So if I'm eligible to apply in 28 days and booked an appointment now, so long as my appointment falls after I'm eligible to re-apply, I can go ahead and request an appointment, for example, today, even though I'm not yet eligible? Just trying to be sure.

Thanks again.


----------



## nyclon (Apr 3, 2011)

LondonLady34 said:


> Thank you, Nyclon. The UKVI website says you can book an appointment up to 42 days in advance, but I guess that's not the waiting time (apologies for the confusion): https://www.gov.uk/ukvi-premium-service-centres/book-an-appointment.


Hmm. They've changed that recently. It used to be 42 then 28 now 42 again. 

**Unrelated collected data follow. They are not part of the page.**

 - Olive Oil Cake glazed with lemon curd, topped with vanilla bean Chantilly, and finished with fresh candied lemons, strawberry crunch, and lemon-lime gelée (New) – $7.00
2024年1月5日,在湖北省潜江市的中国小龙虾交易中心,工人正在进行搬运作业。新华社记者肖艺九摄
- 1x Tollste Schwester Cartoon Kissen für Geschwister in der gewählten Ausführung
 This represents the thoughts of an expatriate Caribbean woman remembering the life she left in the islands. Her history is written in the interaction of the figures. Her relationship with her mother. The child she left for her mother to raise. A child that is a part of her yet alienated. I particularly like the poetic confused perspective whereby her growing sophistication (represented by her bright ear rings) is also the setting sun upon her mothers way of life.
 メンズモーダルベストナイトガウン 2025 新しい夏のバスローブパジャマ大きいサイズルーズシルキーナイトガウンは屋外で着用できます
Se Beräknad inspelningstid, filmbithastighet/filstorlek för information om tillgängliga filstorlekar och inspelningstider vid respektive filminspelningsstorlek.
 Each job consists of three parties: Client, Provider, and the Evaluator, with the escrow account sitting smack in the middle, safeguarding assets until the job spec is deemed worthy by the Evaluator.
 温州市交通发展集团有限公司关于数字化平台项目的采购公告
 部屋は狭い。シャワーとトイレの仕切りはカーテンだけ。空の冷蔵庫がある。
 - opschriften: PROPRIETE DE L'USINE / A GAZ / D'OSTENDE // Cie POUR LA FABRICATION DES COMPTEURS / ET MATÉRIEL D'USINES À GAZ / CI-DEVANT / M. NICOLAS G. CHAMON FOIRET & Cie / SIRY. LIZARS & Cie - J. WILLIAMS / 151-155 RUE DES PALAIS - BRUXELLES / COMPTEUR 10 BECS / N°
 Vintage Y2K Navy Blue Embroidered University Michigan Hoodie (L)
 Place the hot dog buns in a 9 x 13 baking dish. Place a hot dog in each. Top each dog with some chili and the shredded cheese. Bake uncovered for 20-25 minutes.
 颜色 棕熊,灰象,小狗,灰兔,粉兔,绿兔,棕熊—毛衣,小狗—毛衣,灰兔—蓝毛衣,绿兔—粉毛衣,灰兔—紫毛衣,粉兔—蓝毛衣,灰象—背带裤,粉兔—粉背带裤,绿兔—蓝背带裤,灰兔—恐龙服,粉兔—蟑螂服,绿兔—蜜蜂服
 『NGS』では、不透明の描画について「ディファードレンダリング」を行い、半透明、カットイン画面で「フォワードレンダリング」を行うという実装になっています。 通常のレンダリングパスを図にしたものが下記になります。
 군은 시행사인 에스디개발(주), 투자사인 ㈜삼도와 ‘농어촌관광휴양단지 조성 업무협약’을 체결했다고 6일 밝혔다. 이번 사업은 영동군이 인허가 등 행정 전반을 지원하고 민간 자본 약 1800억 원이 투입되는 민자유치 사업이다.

> So if I'm eligible to apply in 28 days and booked an appointment now, so long as my appointment falls after I'm eligible to re-apply, I can go ahead and request an appointment, for example, today, even though I'm not yet eligible? Just trying to be sure.
> 
> Thanks again.


Yes.


----------



## grasshopper33 (Mar 17, 2014)

Great info in this thread! Wondering...do we have to send a pre-paid envelope to receive our documents back like we did on the original spouse visa or do they just send them back? Thanks!!


----------



## Whatshouldwedo (Sep 29, 2013)

I think if you want your documents to be sent back by Special Delivery, you have to include a pre paid Special Delivery envelope. Otherwise they will be returned to you by Recorded Delivery.


----------



## grasshopper33 (Mar 17, 2014)

Thank you! I think I'll just skip the envelope then. Phew! It seems so much simpler than the spouse visa, and that's oddly worrying if you know what I mean.


----------